58. The method according to any one of claims 54 to 56, further comprising determining whether the subject has a mutation in RNF43 or ZnRF3 before administering the multispecific binding protein, wherein (a) if the subject has a mutation in RNF43, the multispecific binding protein does not bind to RNF43 or does not activate RNF43, and (b) if the subject has a mutation in ZnRF3, the multispecific binding protein does not bind to ZnRF3 or does not activate ZnRF3.
59. A multispecific binding protein, use, or method according to any one of claims 49, 53, 57, or 58, wherein the subject has cancer, and the cancer comprises a mutation in RNF43 or ZnRF3.
60. A method for reducing the level of cell surface proteins on the surface of hematopoietic cells in a cell sample or tissue sample in vitro or in vivo of a subject, comprising administering the cell or tissue sample or the subject, respectively, the multispecific binding protein according to claim 14.

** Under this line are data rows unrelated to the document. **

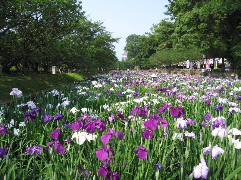 慶長4年(1599年)大村藩初代藩主・大村喜前が築城してから幕末まで270年余り大村氏の居城であった玖島城跡を中心に整備された公園。長崎県を代表する花の名所であり、3月下旬から4月中旬にかけて国指定天然記念物「オオムラザクラ」を含む約2000本のサクラが園内を彩る。5月下旬からはおよそ30万本の花菖蒲が咲き誇り、6月に入るとアジサイが見頃を迎える。(写真提供:長崎県観光連盟・上)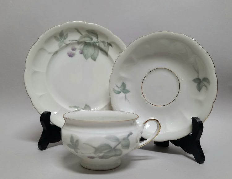 Subtelne zdobienie motywem liści i owoców jeżyny, wykonano techniką kalkomanii.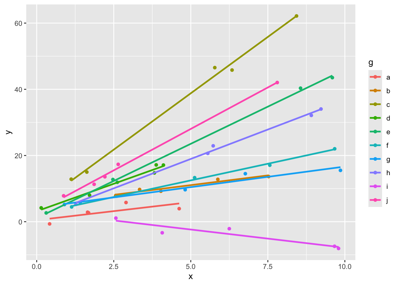 y <- beta0 + beta1 * x + rep(b0, each = n) + rep(b1, each = n) * x + rnorm(g * n, 0, sigma) #these are the responses, note that sigma^2 = 1, beta_0 = 3, and beta_1 = 0.5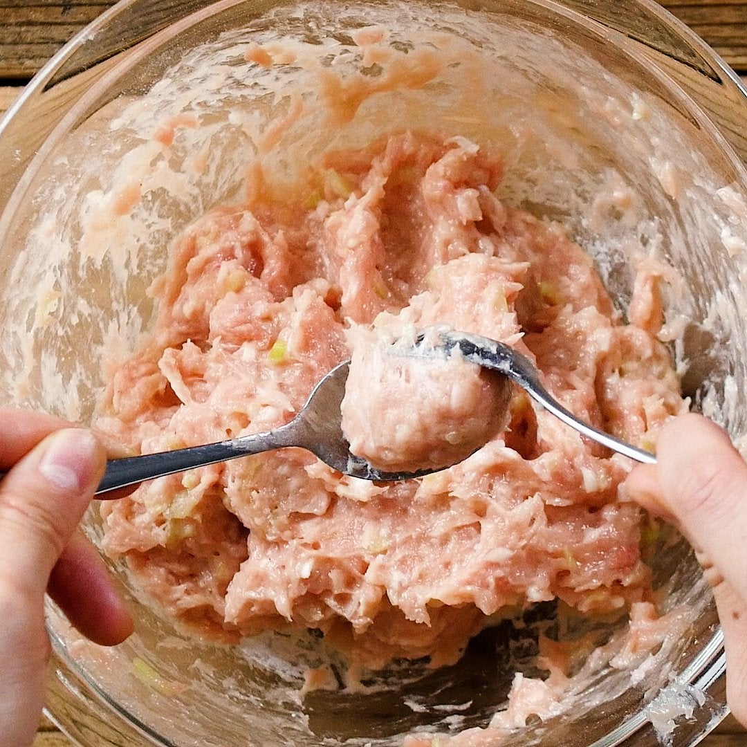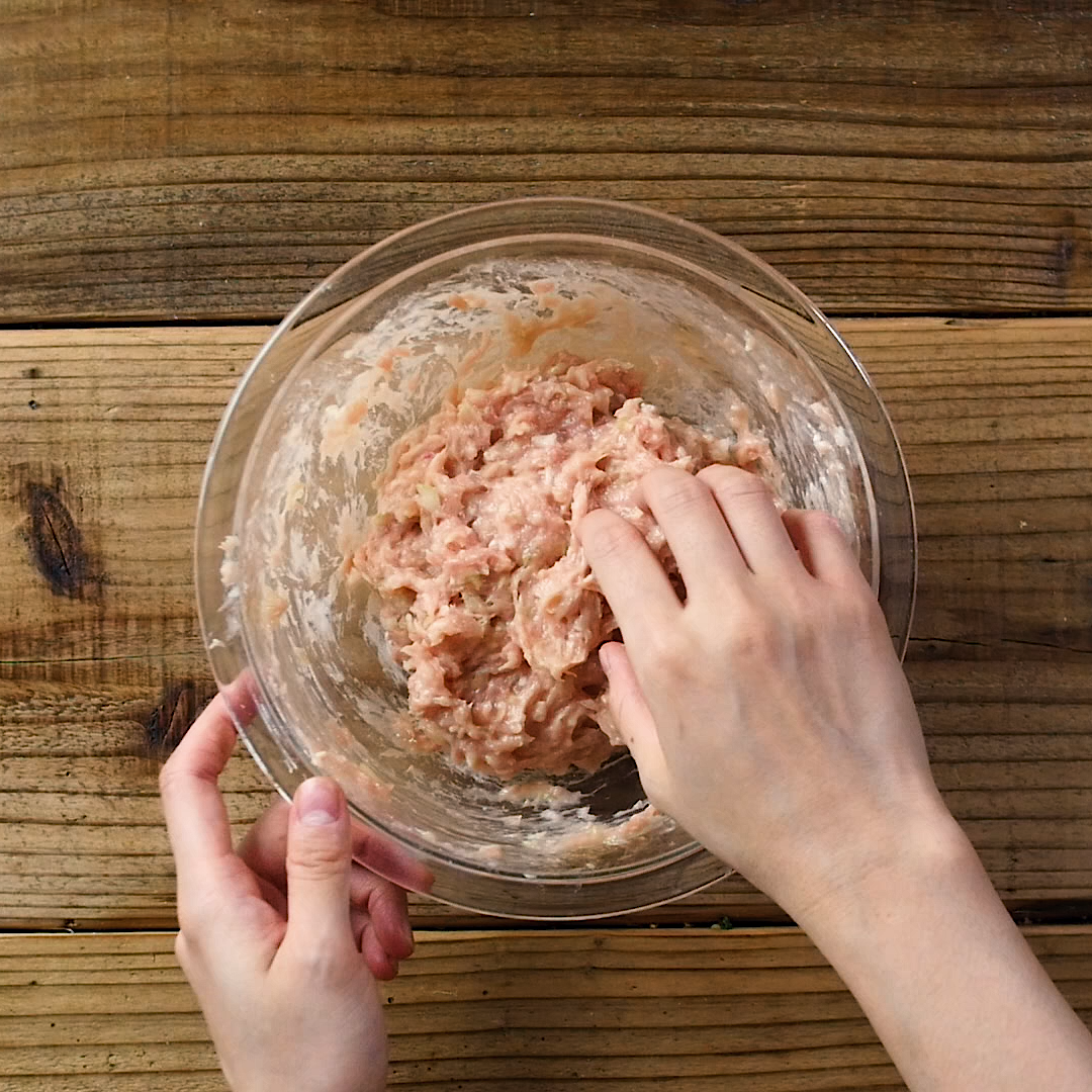 ボウルに鶏ひき肉、味付塩こしょうを加えて粘りが出るまで混ぜ合わせます。長ねぎ、しょうが、卵、片栗粉を加えてさらに混ぜ合わせます。

61. A method for reducing the level of cell surface proteins on the surface of testicular cells in a cell sample or tissue sample in vitro or in vivo of a subject, comprising administering the cell or tissue sample or the subject, respectively, to the multispecific binding protein according to claim 15.
62. A kit comprising a multispecific binding protein according to any one of claims 1 to 38, or a nucleic acid or nucleic acid set according to claim 39, or a host cell according to claim 40, further comprising one or more reagents for expressing or purifying the protein and / or one or more reagents for incubating the protein with a cell or tissue sample in vitro to reduce the level of cell surface protein in the sample.
63. A method for in vitro reducing the level of cell surface proteins in a cell sample or tissue sample, comprising incubating the sample with a multispecific binding protein according to any one of claims 1 to 38 or a kit according to claim 62.